==== Dataset records

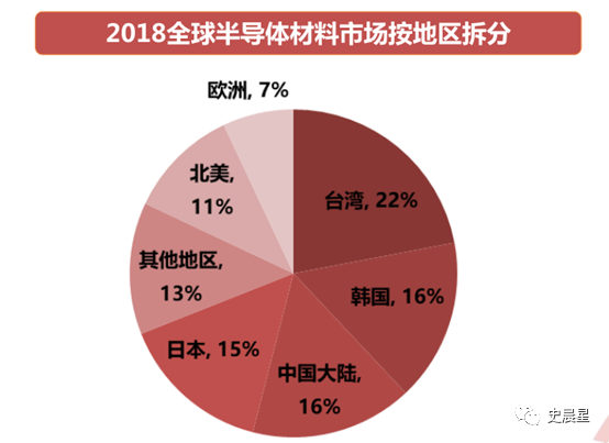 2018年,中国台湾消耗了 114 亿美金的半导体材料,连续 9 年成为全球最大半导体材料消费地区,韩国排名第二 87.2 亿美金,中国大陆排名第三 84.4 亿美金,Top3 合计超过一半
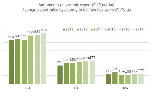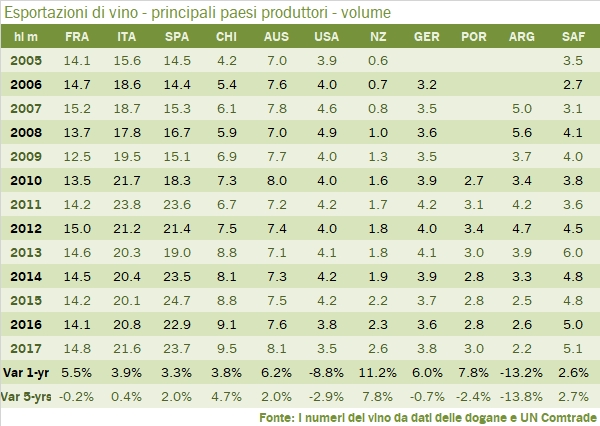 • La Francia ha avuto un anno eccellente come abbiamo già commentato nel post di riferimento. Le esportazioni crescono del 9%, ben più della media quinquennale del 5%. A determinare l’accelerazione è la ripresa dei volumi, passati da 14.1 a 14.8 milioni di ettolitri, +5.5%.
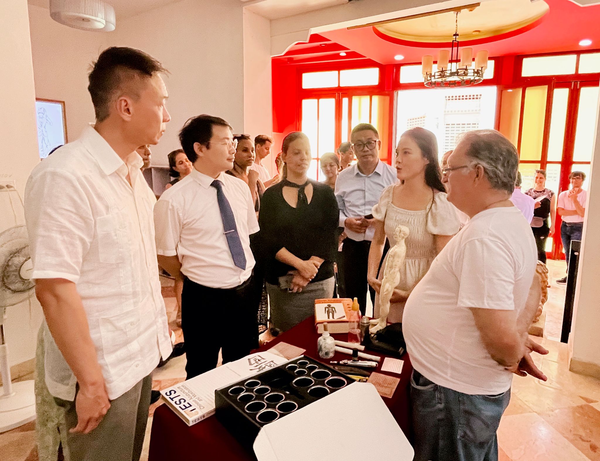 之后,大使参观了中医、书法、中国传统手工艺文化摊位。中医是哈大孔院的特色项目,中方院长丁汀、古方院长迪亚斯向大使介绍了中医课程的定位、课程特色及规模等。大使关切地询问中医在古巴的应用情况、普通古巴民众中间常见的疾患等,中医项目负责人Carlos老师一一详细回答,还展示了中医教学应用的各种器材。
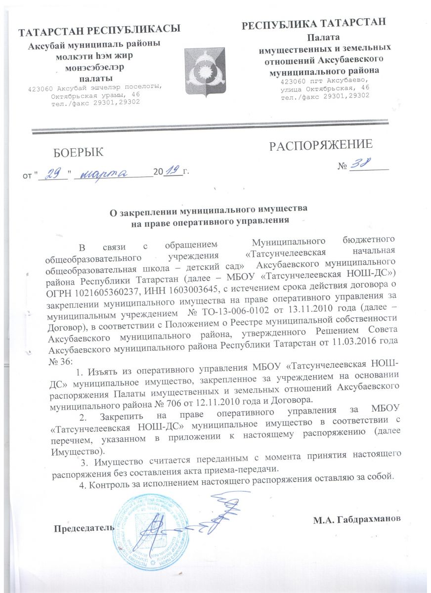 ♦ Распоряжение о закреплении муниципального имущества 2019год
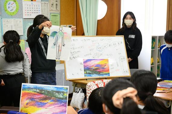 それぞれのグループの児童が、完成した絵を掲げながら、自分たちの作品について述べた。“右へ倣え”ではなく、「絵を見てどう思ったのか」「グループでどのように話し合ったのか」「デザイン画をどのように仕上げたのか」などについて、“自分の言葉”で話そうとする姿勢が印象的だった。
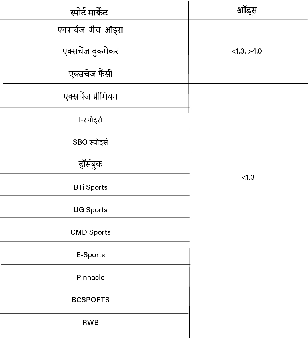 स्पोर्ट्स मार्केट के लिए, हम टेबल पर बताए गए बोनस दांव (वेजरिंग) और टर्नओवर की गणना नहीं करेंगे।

========

» What is being asked:
This task calls for the lines from the line containing "それぞれのグループの児童が、" through the end of the listing, set down exactly and only, with pictures omitted.

» Output below:
 それぞれのグループの児童が、完成した絵を掲げながら、自分たちの作品について述べた。“右へ倣え”ではなく、「絵を見てどう思ったのか」「グループでどのように話し合ったのか」「デザイン画をどのように仕上げたのか」などについて、“自分の言葉”で話そうとする姿勢が印象的だった。
 स्पोर्ट्स मार्केट के लिए, हम टेबल पर बताए गए बोनस दांव (वेजरिंग) और टर्नओवर की गणना नहीं करेंगे।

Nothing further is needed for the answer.